Unlike authorities supported by the international community, he says, “the Taliban were not corrupted, the benefits of drugs were enough for them. [el tráfico de opio], in whose affairs they were not the only actors; there were also those of the government, ”adds Felbab-Brown. “In the 1990s, they acquired a reputation for integrity, with very sporadic cases of money diverted to private pockets for the benefit of their families, but not in a systematic way like the country’s authorities. Their legitimacy is questionable, but they cannot be accused of corruption considering how corruption proliferated in the standard justice system, and how this practice was eradicated in Islamic courts during their first term. [1996-2001]”. An argument that could partly explain the popular support for the Taliban in large areas of the country.

In other cases, aside from corruption, there was a blatant waste of doomed fundraising targets. Between 2003 and 2015, according to the 140-page SIGAR report, the United States allocated more than $ 1 billion to institutional strengthening programs; 90% of these funds were intended to develop a standard justice system. This was another error in judgment, as well as a futile expense due to the inability to impose formal institutions in an informal setting. “During the first year at Helmand [2010] the new judges only saw five cases because no one used to go to court. “We have never seen this and we have to see if it works,” said residents, “explains SIGAR, which confirms that between 80% and 90% of civil disputes have been settled by traditional and community means.

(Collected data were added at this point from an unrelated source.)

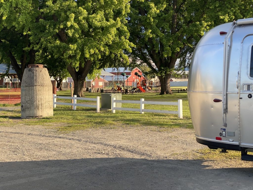There was a large playground just outside our camper, a skate park, a train track far enough away to enjoy it without it blasting your ears off and a beautiful old working feed and grain mill bordering another side of the parking lot.  We happened to arrive in that magical evening glow the sun gives to everything just before it sets which made it feel that much more lovely.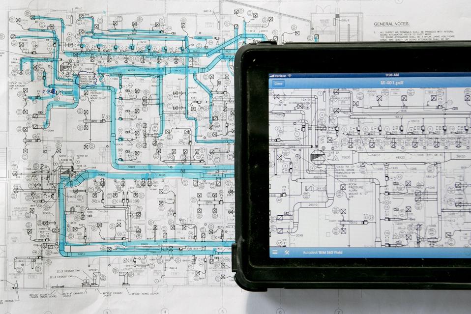An Apple Inc. iPad displays Autodesk Inc. architectural drawings next to paper blueprints in this arranged photo at a Skanska USA Building Inc. Inova Health System construction site in Lorton, Virginia, U.S., on Thursday, Jan. 3, 2013. The rolls of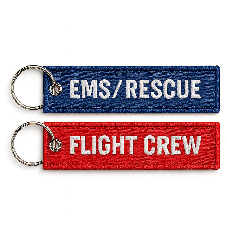 Custom Double Sided Embroidered Keychain Name Brand Logo Jet Tag Key Ring Custom Woven Embroidery Key Chain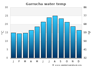 The warmest water temperature is in August with an average around 77.2°F / 25.1°C. The coldest month is February with an average water temperature of 58.1°F / 14.5°C.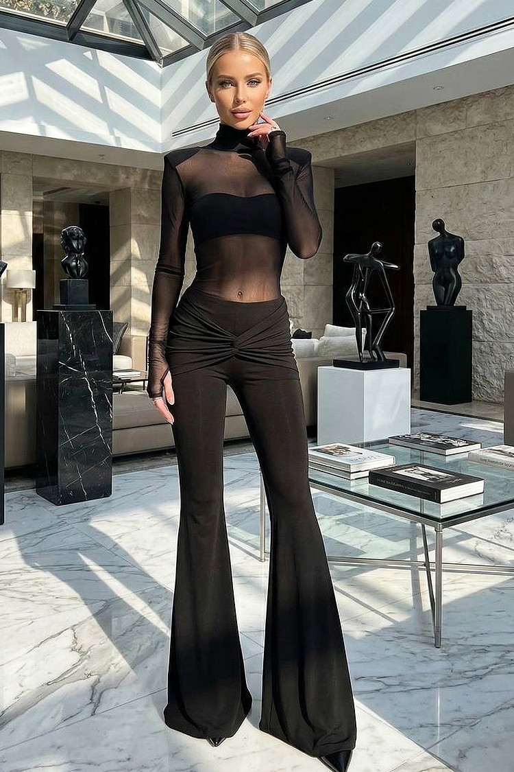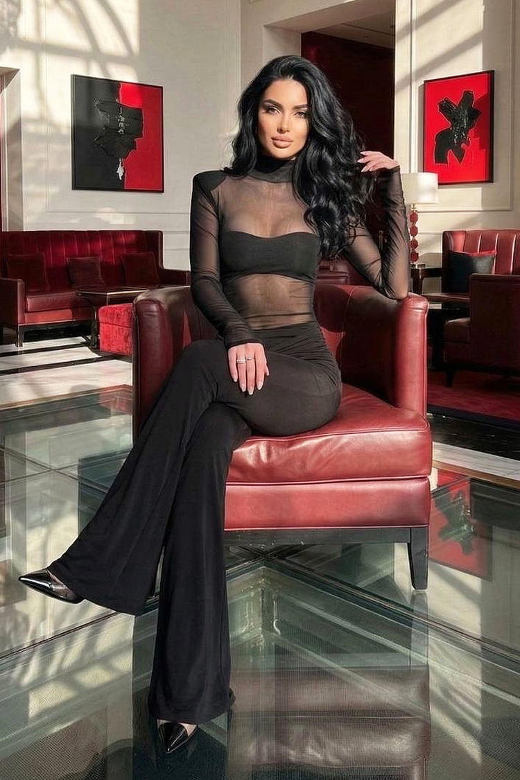 - Горната част е боди с атрактивен дизайн, дълги ръкави и тюлена материя.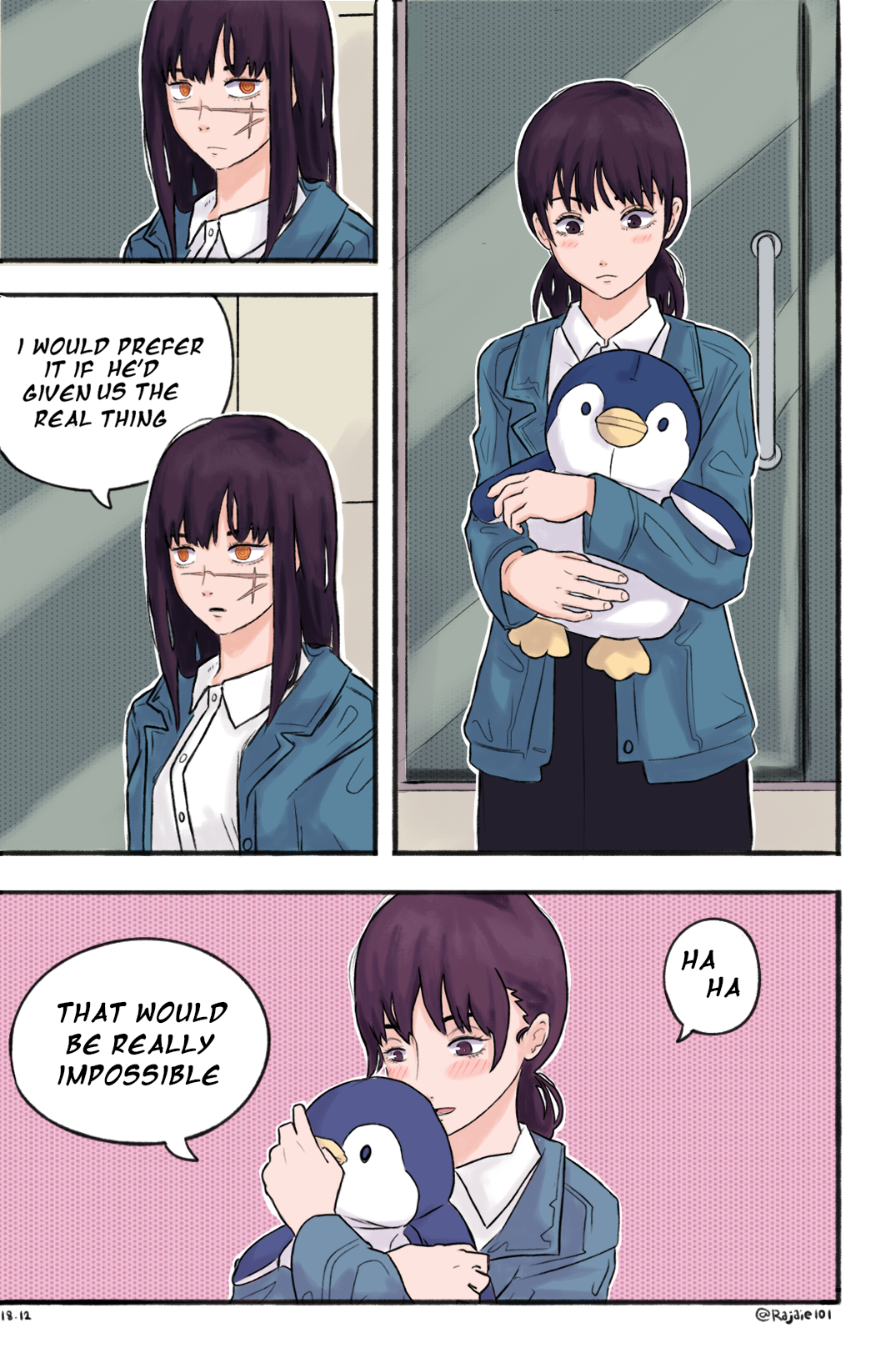 2girls black_eyes black_hair black_skirt blue_jacket blush buttons chainsaw_man collared_shirt comic commentary cross_scar dress_shirt english_commentary english_text highres holding jacket long_hair mitaka_asa multiple_girls open_clothes open_jacket rajaie101 ringed_eyes scar scar_on_face shirt skirt smile speech_bubble stuffed_animal stuffed_penguin stuffed_toy twintails twitter_username white_shirt yellow_eyes yoru_(chainsaw_man)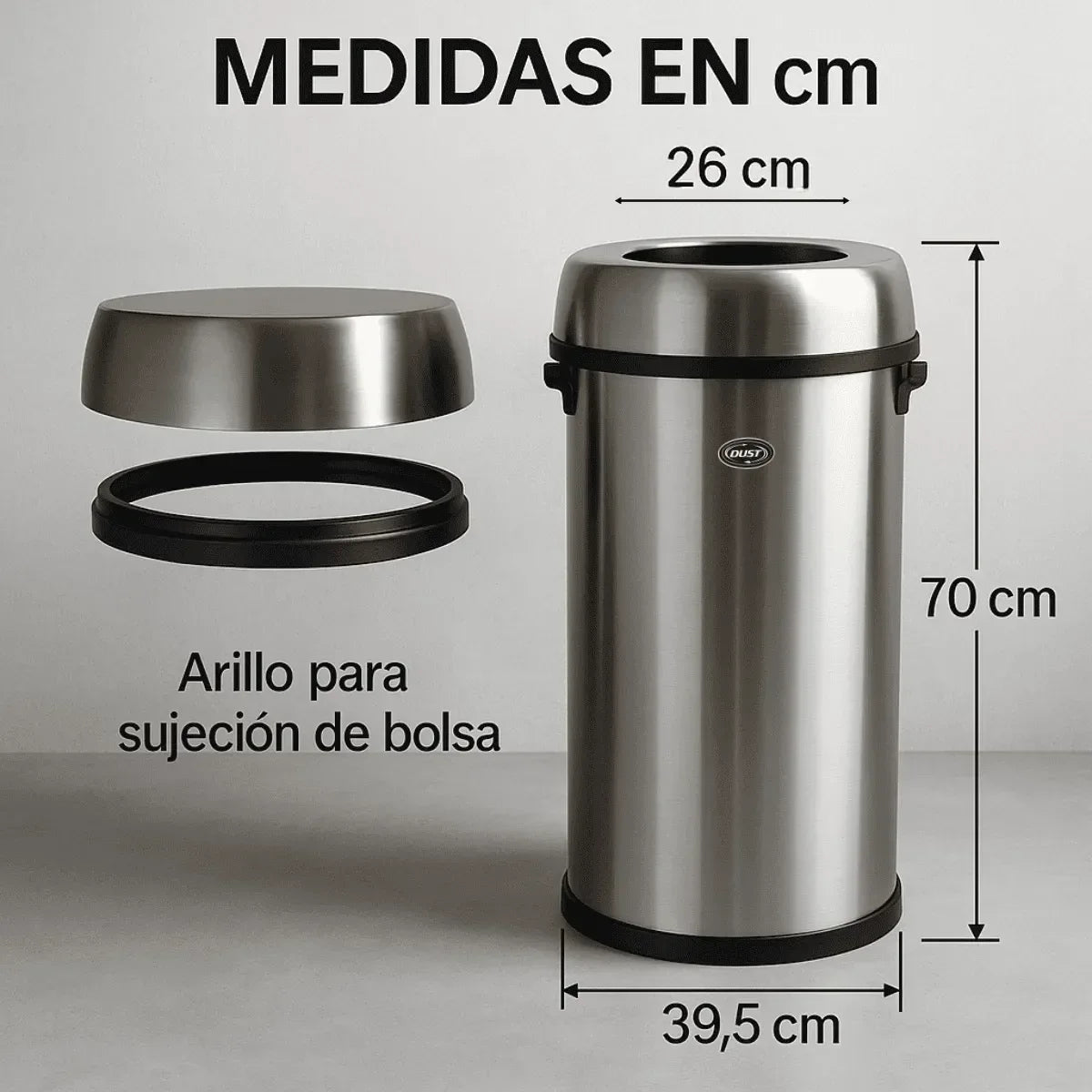 Con una generosa capacidad de 65 litros, este bote ofrece una solución efectiva para la recolección de desechos en áreas con un flujo constante de residuos. Su tamaño es ideal para lugares como oficinas, parques, plazas, y entornos comerciales, donde se requiere un contenedor de mayor capacidad sin comprometer la eficiencia.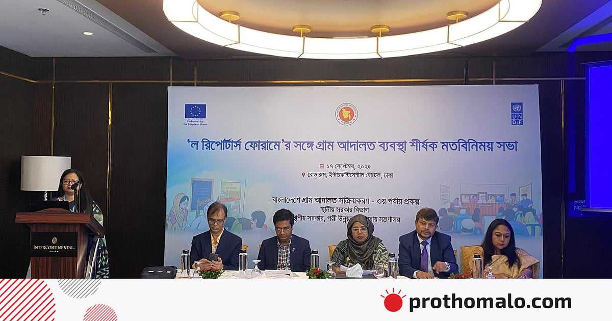 ল রিপোর্টার্স ফোরামের সঙ্গে গ্রাম আদালত ব্যবস্থা শীর্ষক মতবিনিময় সভায় আজ বুধবার বক্তারা এ কথাগুলো বলেন। স্থানীয় সরকার বিভাগের অধীন বাংলাদেশে গ্রাম আদালত সক্রিয়করণ–৩য় পর্যায় প্রকল্প, ইউরোপীয় ইউনিয়ন (ইইউ) এবং জাতিসংঘ উন্নয়ন কর্মসূচি (ইউএনডিপি) রাজধানীর ইন্টারকন্টিনেন্টাল হোটেলে এই মতবিনিময় সভার আয়োজন করে।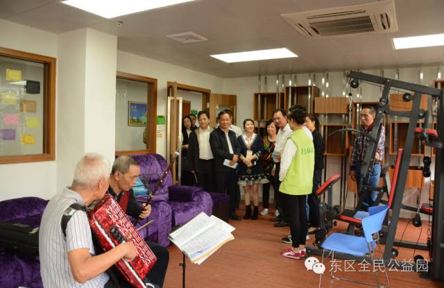 公益园统筹办负责人王少婷为饶美奕厅长一行进行了详细讲解。饶厅长参观东区全民公益园及东区居家养老服务中心后,对东区党工委拨款接近1000万元建立公益园区的为民工程点赞;他为东区居家养老服务中心的既能够满足社群需要又能够培育出10个长者社团点赞;他说“老有所为,老有所用”,长者能够在政府关心下自娱自乐并发挥余光余热的助人行动,在东区居家养老服务中心得到充分体现。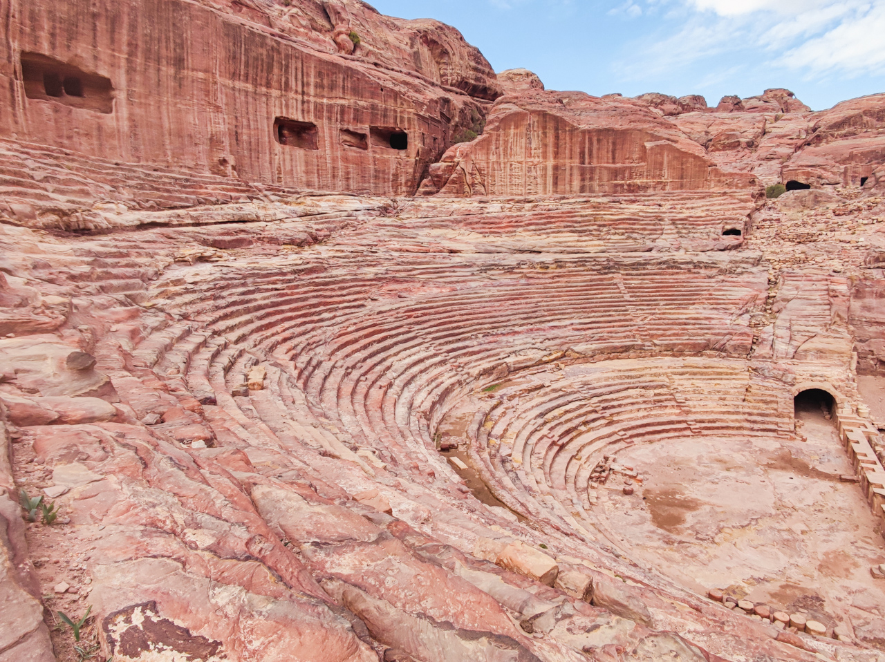 Après la redescende, Ahmed nous propose de le rejoindre en fin de journée pour manger avec lui dans sa cave avec son ami avant d’aller à Pétra by Night. On nous avait déjà un bédouin qui nous avait fait une proposition similaire la veille mais le courant passe bien avec eux, on s’entend très bien alors on accepte. On se donne rendez vous vers les tombeaux royaux puis on continue notre chemin vers l’amphithéâtre romain.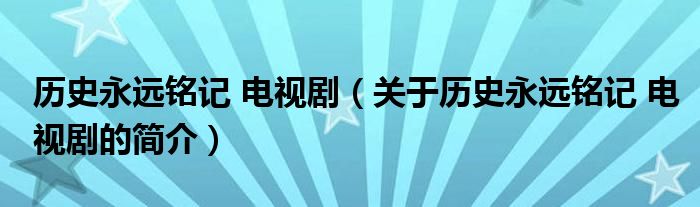 本文關于歷史永遠銘記 電視劇的簡介就講解完畢,希望對大家有所幫助。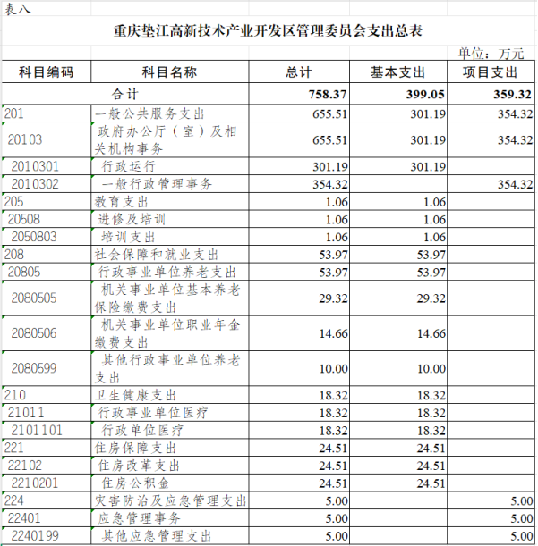 8.重庆垫江高新技术产业开发区管理委员会部门支出总表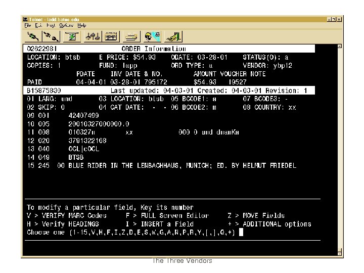 Bates College Library Catalog © Innovative Interfaces © Installed 1990 © pre-Millennium © 498, 400 bib. records © 332, 800 authorities © http: //ladd. bates. edu/search © telnet: //ladd. bates. edu The Three Vendors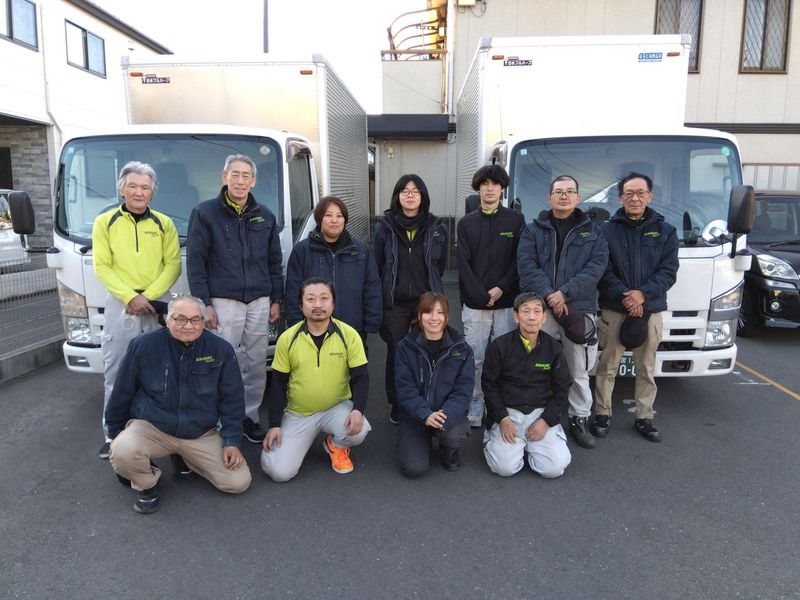 職場環境 20代・30代・40代・50代、 若手~中高年まで幅広い男性活躍中! 【従業員数】 18名 【車両保有台数】 ・2tロング箱×5台 ・2t平ロング×2台 ・キャラバン×1台 ・軽車両×2台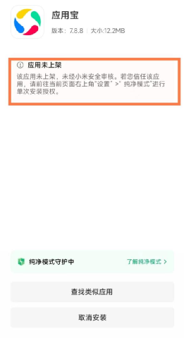 即便在微信里下载了应用宝,安装时也会有“更温馨”的提示。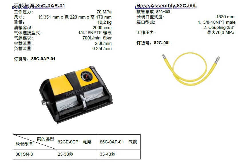 • 扣压时间:电动泵为20秒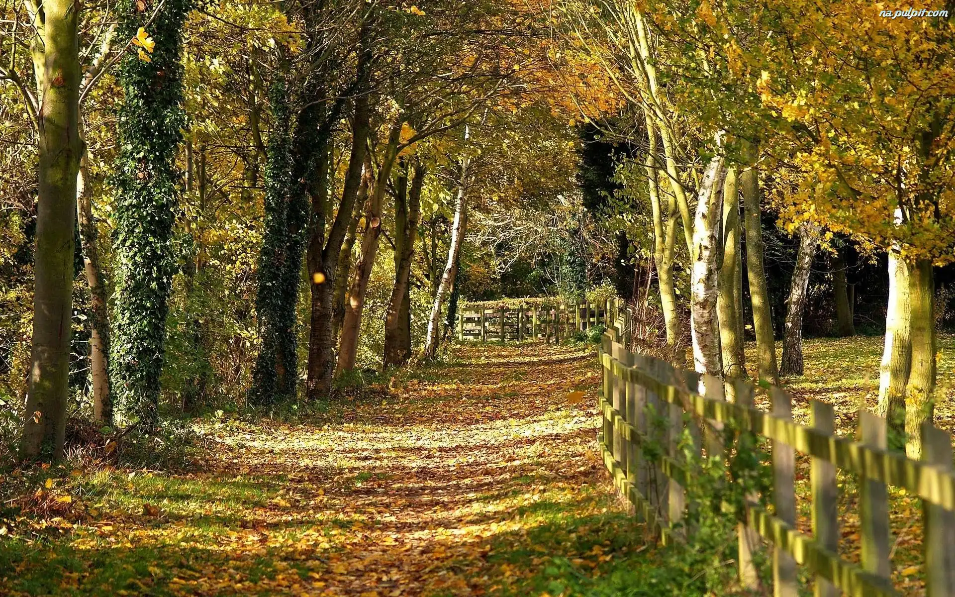 Jesień, Dróżka, Leśna, Ogrodzenie Na Pulpit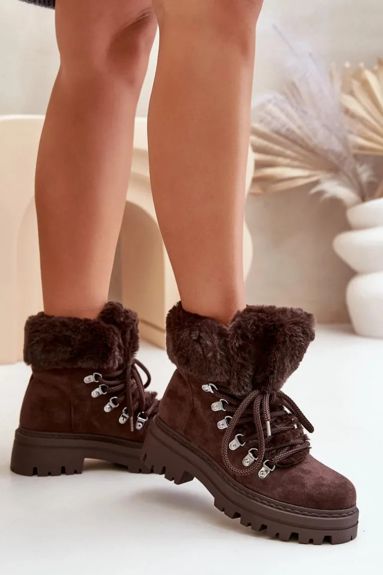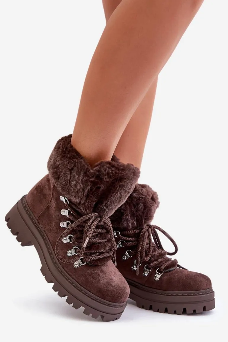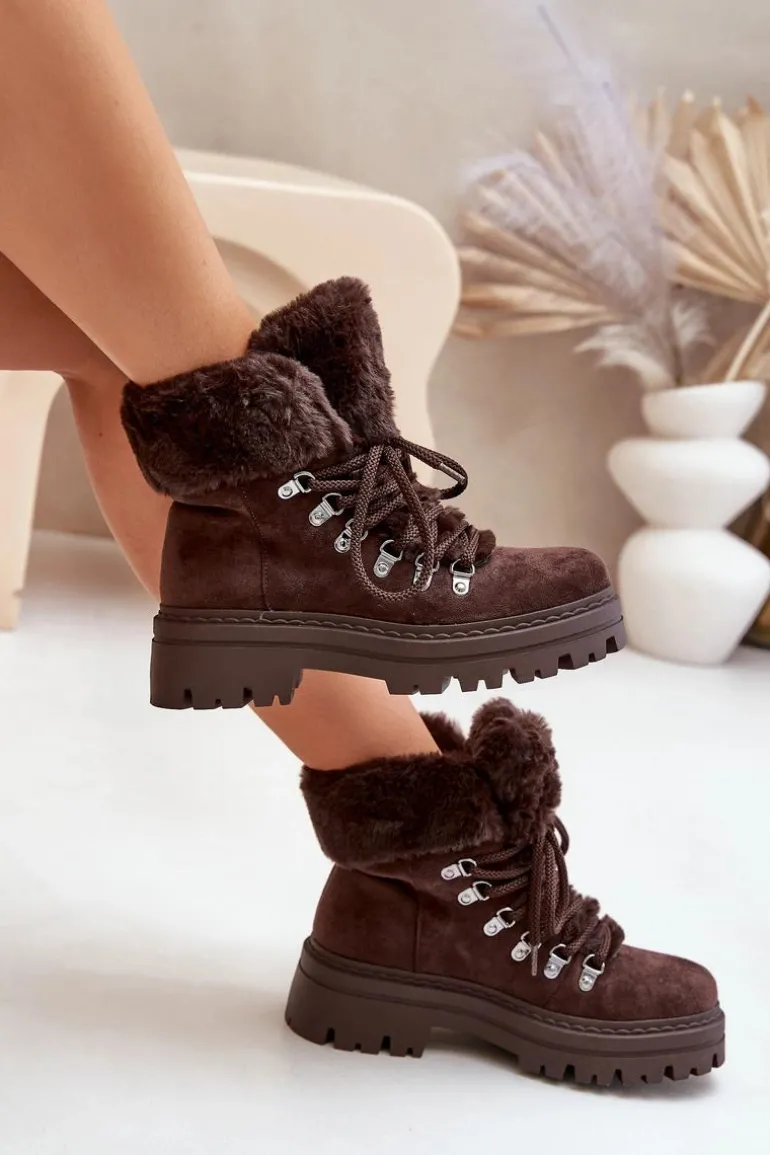 Sznurowane Trapery Damskie Z Futerkiem Ciemnobrązowe Vaminia

Felbab-Brown echoes the idea: “Bribes have fueled the functioning of the justice system. SIGAR’s conclusion is clear: “The United States did not understand the Afghan context and failed to reduce its efforts” to reality, in addition to underestimating “the time needed to rebuild Afghanistan. , creating unrealistic timelines and expectations that prioritized quick spending “which increases corruption”. In addition, there is “the lack of evaluation and monitoring by the relevant government agencies”. “The point that ended our failure was not the insurgency. It was the weight of endemic corruption, ”said Ambassador Ryan Crocker, who led the legation in Kabul in two terms, with Bush and Obama.

“A lost investment? It is difficult to say now, one can only hope that achievements in areas such as health – especially maternal and child health – and education, will not be ruined. The Taliban will not be able to sustain these gains if funding is cut, if they are unable to pay salaries, and the generation of internationally educated technocrats can only expect to [durante la intervención extranjera] to be able to carry out his work if he is authorized to do so, ”concludes the expert.